Enhancing our understanding of how an enzyme’s sequence influences its function will help increase the success of future directed evolution projects. Although the mutations discovered using directed evolution are exceptional at enhancing the particular enzymatic property being pursued, these mutations are difficult to predict and require considerable experimental resources. As the development of future base editors will likely involve additional directed evolution efforts (20, 21), maximizing our understanding of the outcomes of previous studies on this front will aid in these future studies. This work is an a posteriori study using a combination of computational simulations and experimental measurements to understand the mutations generated during the directed evolution of ABEs (4). We have additionally carried out MD simulations of TadA* and TadA*-ssDNA models to explore how the initial mutations accumulated during directed evolution give rise to ssDNA editing by the ABE enzyme. Installation of the Asp108Asn mutation in the TadA*0.1 to generate TadA*1.1 leads to a significant decrease in the flexibility of the β4-β5 loop of the TadA (Fig. 2). This loop is known to both impart sequence specificity to the wild-type TadA enzyme through interactions with the nucleobases immediately upstream of the target A base and also serve as the dimerization interface between the individual TadA proteins (18). Our simulations indicate that the structural dynamics of TadA* mutants (Fig. 2) resembles that of the wtTadA dimer (fig. S2), which may explain how the TadA* enzymes are performing DNA base editing as monomers. The changes observed in the dynamics of the β4-β5 loop therefore may help broaden the substrate scope of the TadA* enzymes to include both tRNA and ssDNA. In addition, as the TadA* mutants were evolved to function as monomers, this change in the dynamics may be increasing the enzyme’s affinity for ssDNA at the expense of protein dimerization. This is proven to be the case, as we experimentally observe that the TadA enzyme works as a monomer when acting on ssDNA, a finding that represents a key step in characterizing the mechanism of base editing by ABE (Fig. 2). This is an unexpected result that fundamentally changes our understanding of how ABEs function and will likely affect future ABE engineering and optimization studies.
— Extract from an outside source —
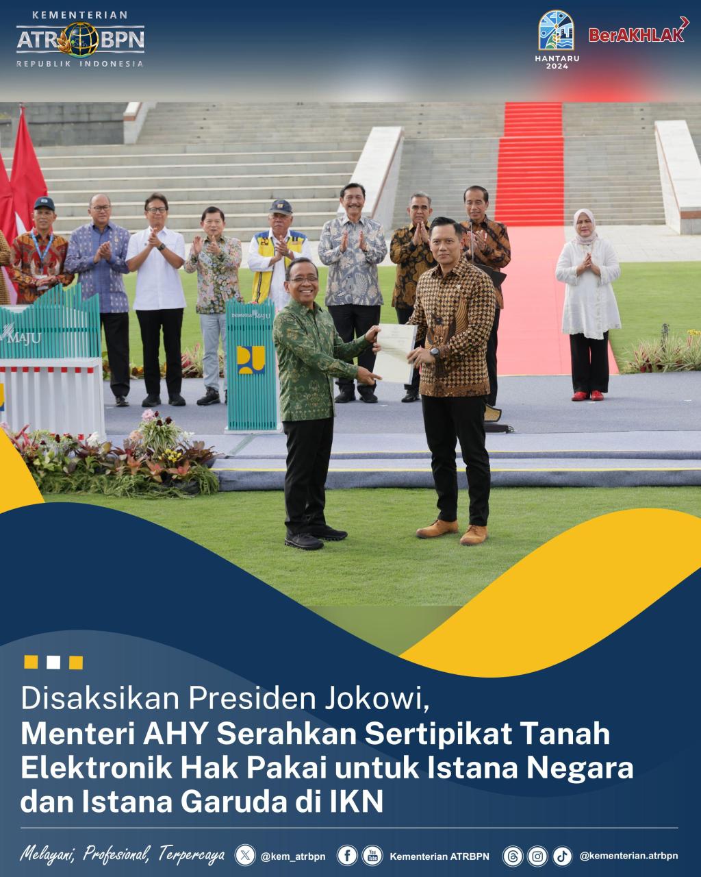 Nusantara – Menteri Agraria dan Tata Ruang/Kepala Badan Pertanahan Nasional (ATR/BPN), Agus Harimurti Yudhoyono (AHY) mendampingi Presiden Joko Widodo dalam Peresmian Istana Negara di Ibu Kota Nusantara (IKN), Provinsi Kalimantan Timur, Jumat (11/10/2024). Dalam kesempatan ini, Menteri AHY menyerahkan Sertipikat Tanah Elektronik berupa Hak Pakai untuk Istana Negara dan Istana Garuda kepada Menteri Sekretaris Negara, Pratikno di hadapan Presiden Joko Widodo.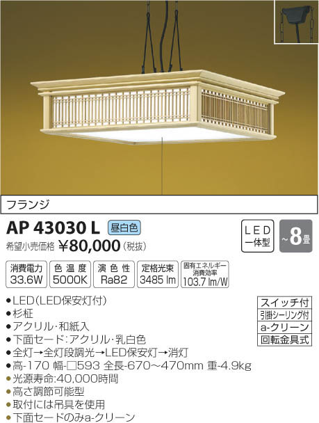 | 補足・注意事項 | ◆消費電力:33.6W ◆色温度:5000K ◆演色性:Ra82 ◆光源寿命:40,000時間 ◆高さ調節可能型 ◆取付には吊具を使用 ◆下面セードのみ a-クリーン ※色温度:5000K |

Intriguingly, loss of conformational flexibility in the β4-β5 loop of TadA* appears to make the overall structure of the protein more analogous to the APOBEC family of proteins (Fig. 2E). APOBEC enzymes are a class of proteins that have cytidine deamination activity on both ssDNA and ssRNA (7, 8) and were repurposed into the original CBEs. The inherent nature of the APOBECs to edit a broad range of nucleotide targets is preserved in the CBEs, which have been shown to exhibit considerable off-target DNA and RNA activities due to the APOBEC1 portion of the base editor (22, 23). This dual-substrate specificity of APOBECs has been attributed to specific conformations of the active site loop (α1-β1 loop, β2-α2 loop, and β4-α5 also referred to as the loop 1, loop 3, and loop 7, respectively) that interacts with the 5′ flanking base of the substrate nucleotide using both experiments and simulations (2427). Both TadA and the APOBEC enzymes share a core five-stranded β sheet structural element surrounded by α helices. The β4-β5 loop serves the same functional purpose in both enzymes, but the length of this loop is substantially longer in TadA, and in the APOBECs, it assumes a definite α-helical secondary structure (Fig. 2E and fig. S8).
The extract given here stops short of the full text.